Novel: Memoir: Biography

Michael Barber’s Anthony Powell: A Life

Early last summer I re-read Anthony Powell’s Dance to the Music of Time. It was as entertaining as I remembered it to be and, motivated both by curiosity and the sense that they might contain some legitimate research material, I plunged into Powell’s memoirs. These were interesting, because they showed just how much the life of Nicholas Jenkins in Dance mirrored Powell’s own experience. The memoir was full of incidents and stories that had been recycled in Powell’s novels in some form or another, especially from the Second World War period: many of the best and funniest anecdotes in the three wartime novels were taken almost directly from things that actually happened. Just recently, I followed these reading projects up by diving into Michael Barber’s biography of Powell. It was the least satisfying read.

Throughout the biography, readers find out about how different people or incidents may have influenced characters or stories in Dance and in Powell’s other novels. Barber is very familiar with Powell’s work, and includes some clever and subtle interpretations of it (although he indulges too often in unwarranted speculation). But there is less insight (especially for those who have read Powell’s memoirs) about the author’s life itself. As I read the biography, I constantly had the sense of déjà vu: not only did things happen in the same order as in Powell’s memoirs, which is entirely reasonable, but he also discussed the importance of other people exactly the same order as they appeared in the memoirs. And given how much of Powell’s autobiographical writing is devoted to talking about his friends and acquaintance, this means that the biography, too, seems to dwell more on the antics and personalities of Cyril Connelly, Constant Lambert, Evelyn Waugh or Eric Blair (whom Barber refers to as George Orwell more often than not) than those of Powell himself.

What did Powell believe? What were his politics? What did he think about Jews/other races/other classes/women? All these questions are answered, but answered unsatisfactorily (partly because Barber wants to protect Powell). They seem incidental rather than central to the narrative. Barber prefers recapitulation of Powell’s attitudes and views to actual analysis or critique. The first mention of Powell’s ‘Toryism’ is on page 46, where it is discussed (not really explained or introduced) then dropped after a few sentences on its wider social context. All this is interesting, but given that Powell himself was (Barber acknowledges) extremely cagey about his own beliefs – and his own personal life – Barber is extremely reluctant to spend a satisfactory amount of time excavating the person behind the Dance. These sections are unsystematic and make up only a small fraction of the book.
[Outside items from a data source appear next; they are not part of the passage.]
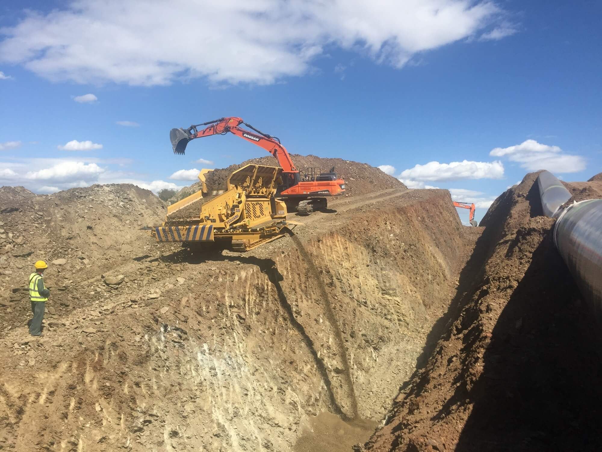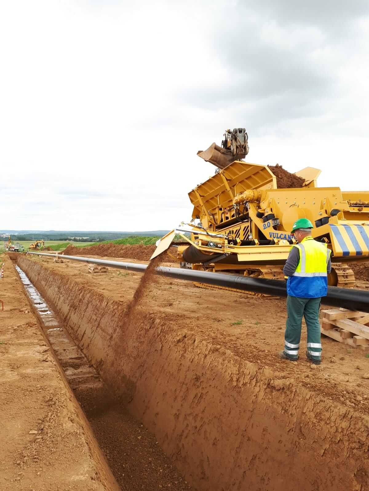 Vulcano 2.0 is the best-selling radio-controlled mobile screener, to be loaded with an excavator, in the Pipeline world. The screener mesh is interchangeable, and the plate feeder, with adjustable speed, allows optimal material flow management. The conveyor belt, which deposits the fine material directly into the trench, is retractable to direct the material into the excavation and foldable to facilitate transport. These features, combined with its high reliability, make Vulcano 2.0 an extremely versatile solution, suitable for different types of terrain and adaptable to multiple track configurations.
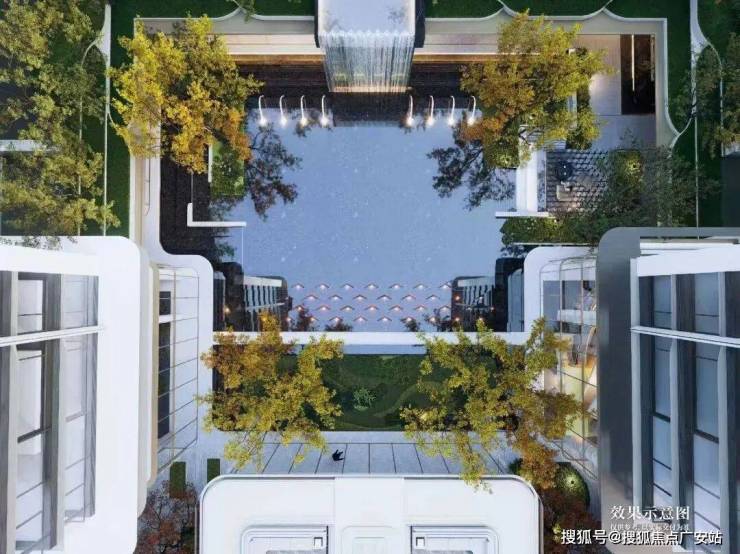 1200平米下沉式庭院,叠水成瀑,打破常规“坑洞”设计,打造上下双层平行空间,营造独特的滨水度假体验,令人一见倾心。
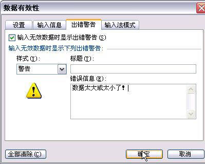 警告方式选择完成后,在“标题”框内输入可选的警告标题,再在“出错信息”框内输入发生错误的原因及如何纠正的内容。完成后单击“确定”按钮。以上设置完成后,只要在具有出错警告的区域内输入了错误数据,Excel就会按设定方式对用户提出警告。
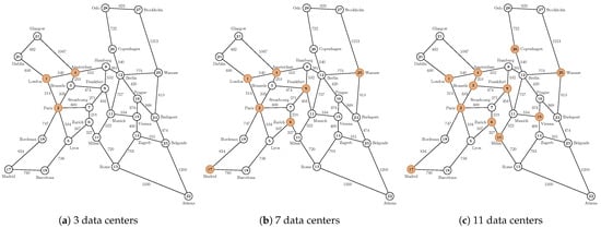 The numerical experiments were conducted to evaluate the performance of the proposed fragmentation-aware traffic grooming algorithm in an SS-FON. A European network (Euro28) topology was considered with 28 nodes, = 82 links, and 625 km of average link length (Figure 1). We assumed that each network link was a single-mode fiber bundle with 7 spatial modes. Each spatial mode provided 4 THz of optical spectrum divided into flexible grid of 320 slots, each of 12.5 GHz in width. In the network, data centers (DCs) were located at some of the network nodes. For simplicity, we assumed that the number of connections and the bandwidth between a network node and a DC were unlimited; thus, connections to the network nodes were equivalent to the connections to the DCs connected to them. Three scenarios were analyzed, where the number of data centers was equal to . The location of the data centers is presented in Figure 2, where the colored nodes represent the ones connected to the data centers. We evaluated two cases, with the spatial continuity constraint (SCC) active and with the SCC relaxed. The former one allowed decreasing the network nodes’ cost and complexity, but resulted in a higher restriction regarding the traffic allocation. The latter one allowed for higher flexibility at the expense of higher cost. Moreover, we assumed that the requests were allocated using only spectral SChs, i.e., that the SCh did not span across several spatial modes on a single fiber.
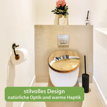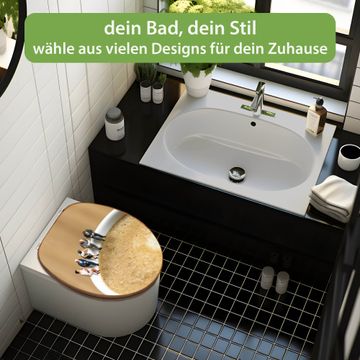 Mit dem banjado Toilettensitz in Bambus verbinden Sie Design und Funktionalität. Sie erhalten den WC-Sitz mit bewährt schwerer Holz Qualität und Universal Scharnieren. Das Motiv Motiv Kaffeepause besteht aus einer schutzlaminierten Motivfolie, die durch das Schutzlaminat zusätzlich vor Kratzern schützt. Durch diesen Motivdruck wird der WC-Sitz zu einem Blickfang in Ihrem Bad.
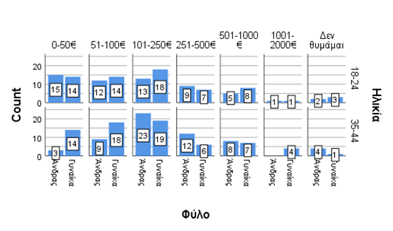 Τα χρήματα που ξοδεύτηκαν τους τελευταίους 12 μήνες σε διαδικτυακές αγορές, διαχωρισμένα ανά ηλικία και ανά φύλο. Φαίνεται πως από τα άτομα που εντάσσονται στις ηλικιακές κατηγορίες που συμμετείχαν στην έρευνα, (250 συνολικά) το μεγαλύτερο ποσοστό των ανθρώπων (73 άτομα) τους τελευταίους 12 μήνες έχουν ξοδέψει 101-250 ευρώ (€). Στην συνέχεια έπονται εκείνοι που έχουν δαπανήσει 51-100€ (53 άτομα), 0-50€ (46 άτομα), 251-500€ (34 άτομα) 501-1000€ (28 άτομα) και 1001-2000€ (6 άτομα). Σε κάποια αντίστοιχη έρευνα προγενέστερης χρονολογίας ίσως τα ευρήματα να ήταν εμφανώς διαφοροποιημένα, κι αυτό προκύπτει από την αυξημένη χρήση του διαδικτύου τα τελευταία χρόνια. (Γράφημα 1).
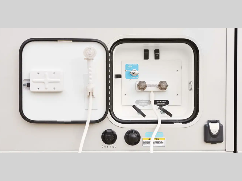 - Service center houses color-coded labels, pressurized city water hookup/tank diverter valve, drainage valves, exterior wash station w/lighted pump switch
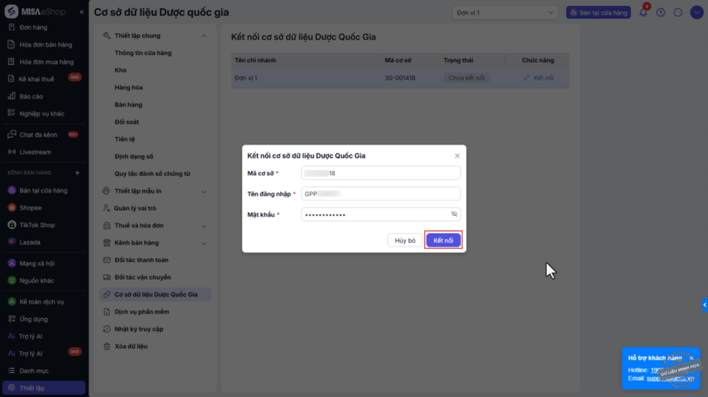 Đăng nhập bằng tài khoản GPP (tài khoản của nhà thuốc đủ điều kiện kinh doanh thuốc). Nhấn Kết nối để hoàn tất.
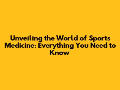 Unveiling The World Of Sports Medicine: Everything You Need To Know
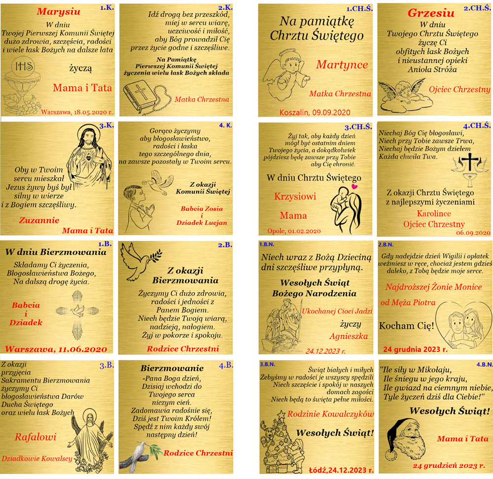 Podaj, który numer projektu wybierasz oraz dane do wpisania w miejsca oznaczone na czerwono. Aby otrzymać spersonalizowaną tabliczkę prosimy o informacje np:
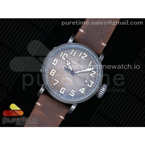 XF공장 45MM 파일럿 타입 20 엑스트라 스페셜 브라운다이얼 아쏘스트랩 Pilot Type 20 Extra Special 45mm Aged SS Case Brown Dial on Assolumate Strap A2824 > 제니스
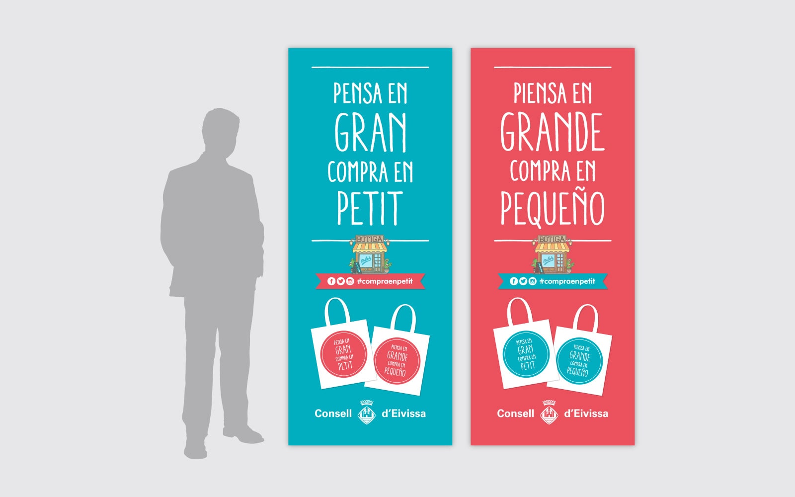La campaña “Compra en petit” fue una campaña a nivel local en la isla de Ibiza, donde se intentaba concienciar de la importancia de los pequeños actos individuales y locales sobre la economía y bienestar global (thinking Glocal).
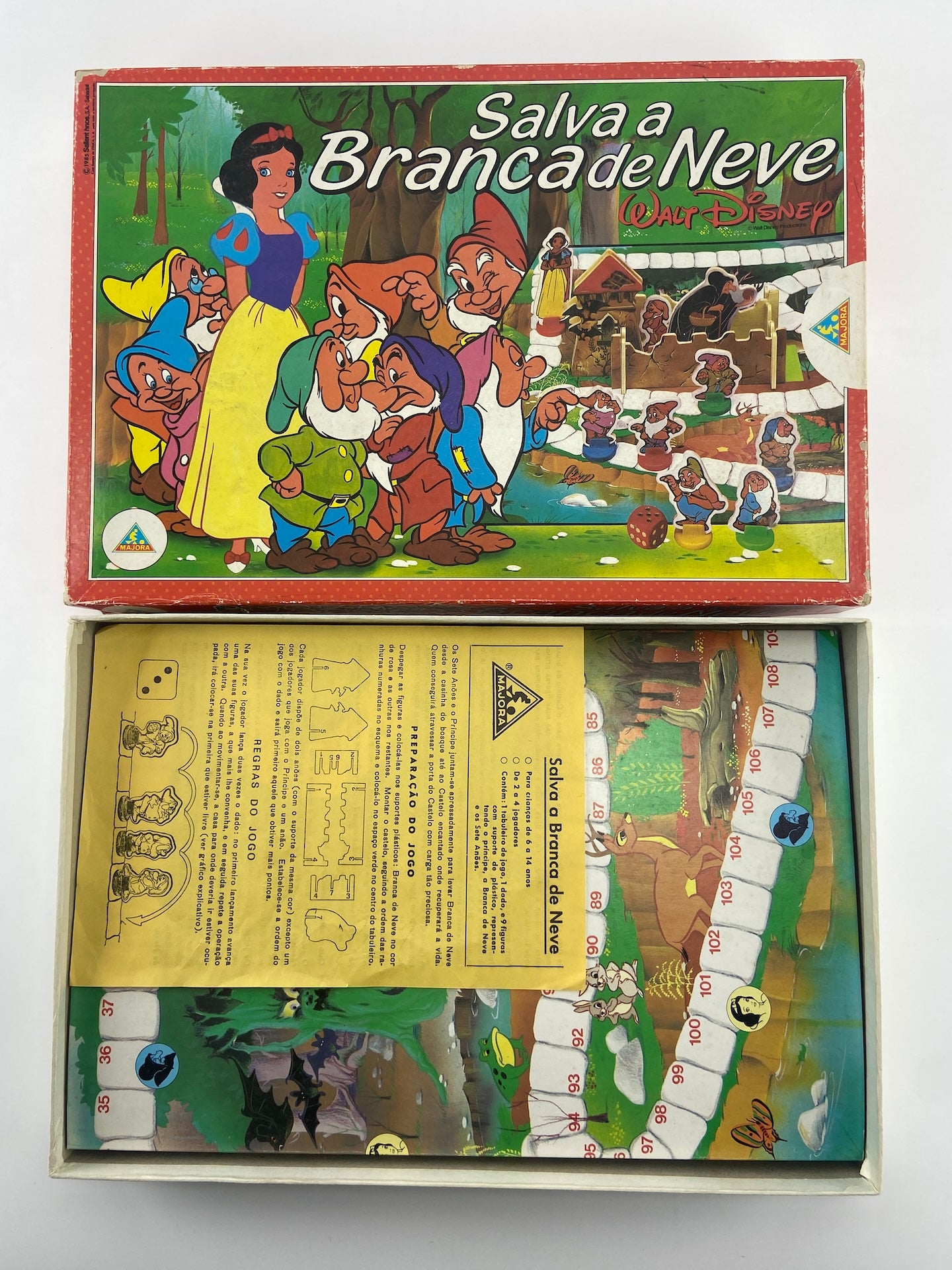 Faltam dois suportes das figuras de cartão e tem peões de plástico para substituir. Jogo antiga com marcas do tempo.
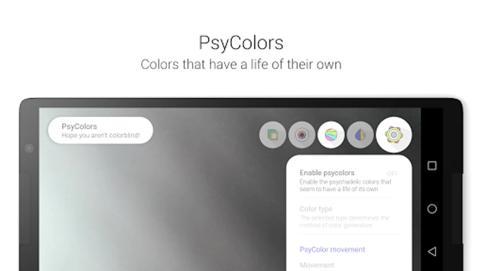 It uses the phone camera to create real-time visual experiences for the user with amazing quality and speed. Psychedelic dream was developed with an idea of a safe and fun visual experience for anybody that owns a suitable android phone.
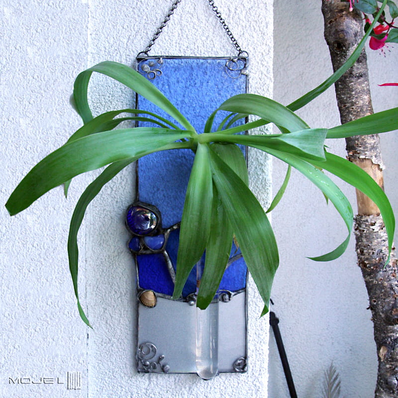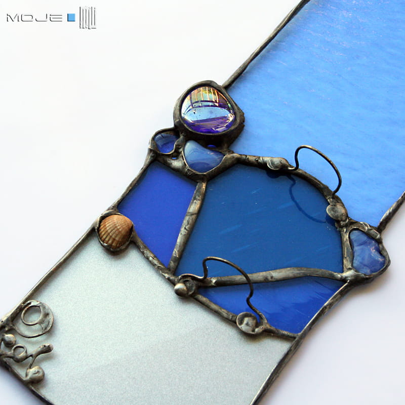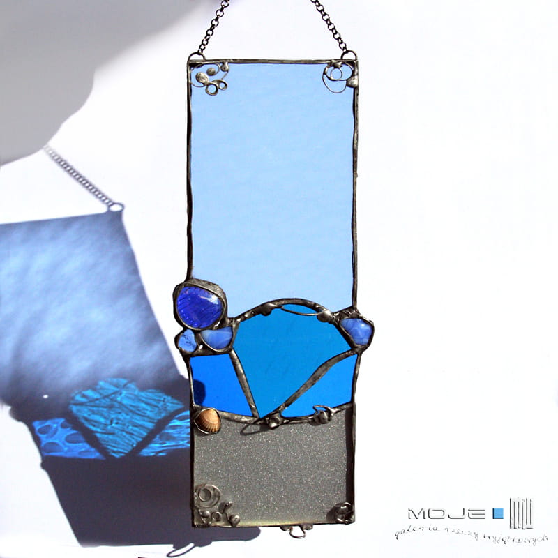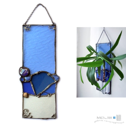 Witrażowy wiszący dekor, który może być pięknym wspomnieniem z wakacji a także... wazonikiem. Zrobiłam go z witrażowego szkła w odcieniach błękitu. Dodatkowym elementem ozdobnym są szklane kaboszony oraz prawdziwa muszelka. Całość oprawiona i wykończona jest miedzią - cynowaną, patynowaną i przecieraną. Wiszący dekor ma uchwyty, w które należy wsunąć podłużny szklany "wazonik" z pojedynczym żywym kwiatem, zieloną laską bambusa, lub suszonym kwiatem. Pięknie wygląda na ścianie lub w oknie i stanowi niebanalny element dekoracyjny.

Barber’s biography of Powell is probably a good piece of work. It is scholarly, well-written, and even manages to capture hints of Powell’s own mischievousness in its style. But it isn’t the biography I wanted to read. It seemed like a distillation of Powell’s memoirs, which themselves read a little too much like a distillation of Dance. I wanted to read about Powell himself, not Powell as a model for Jenkins and his friends as a model for the cast of the novels. The fleeting glimpses of Powell’s character and attitudes are too fleeting, and the analysis eschews getting into these in favor of explicating the wider social context of the different periods in Powell’s life, and (more than anything else) the relationships between it and his novels. It is extremely frustrating.

One of my favorite things about Powell’s work is the contrast between narrator Nicholas Jenkins’ reticence about discussing details of his own personal life (balanced by the occasional tantalizing revelation) and his voyeuristic fascination with the details of the lives and personalities of the people around him. For me Jenkins, not Kenneth Widmerpool, X Trapnel or Pamela Flitton, is the most enigmatic character in the series. There are revelations about Powell in his own memoirs and in Barber’s biography, but the focus in both tends to default back to the interesting and famous characters Powell knew rather than Powell’s own convictions and personality. Ultimately, Barber treats Powell like the narrator, and not any other character, in Powell’s fiction, and in doing so misses an opportunity to offer something that goes far beyond what we already have in the memoirs and the novels.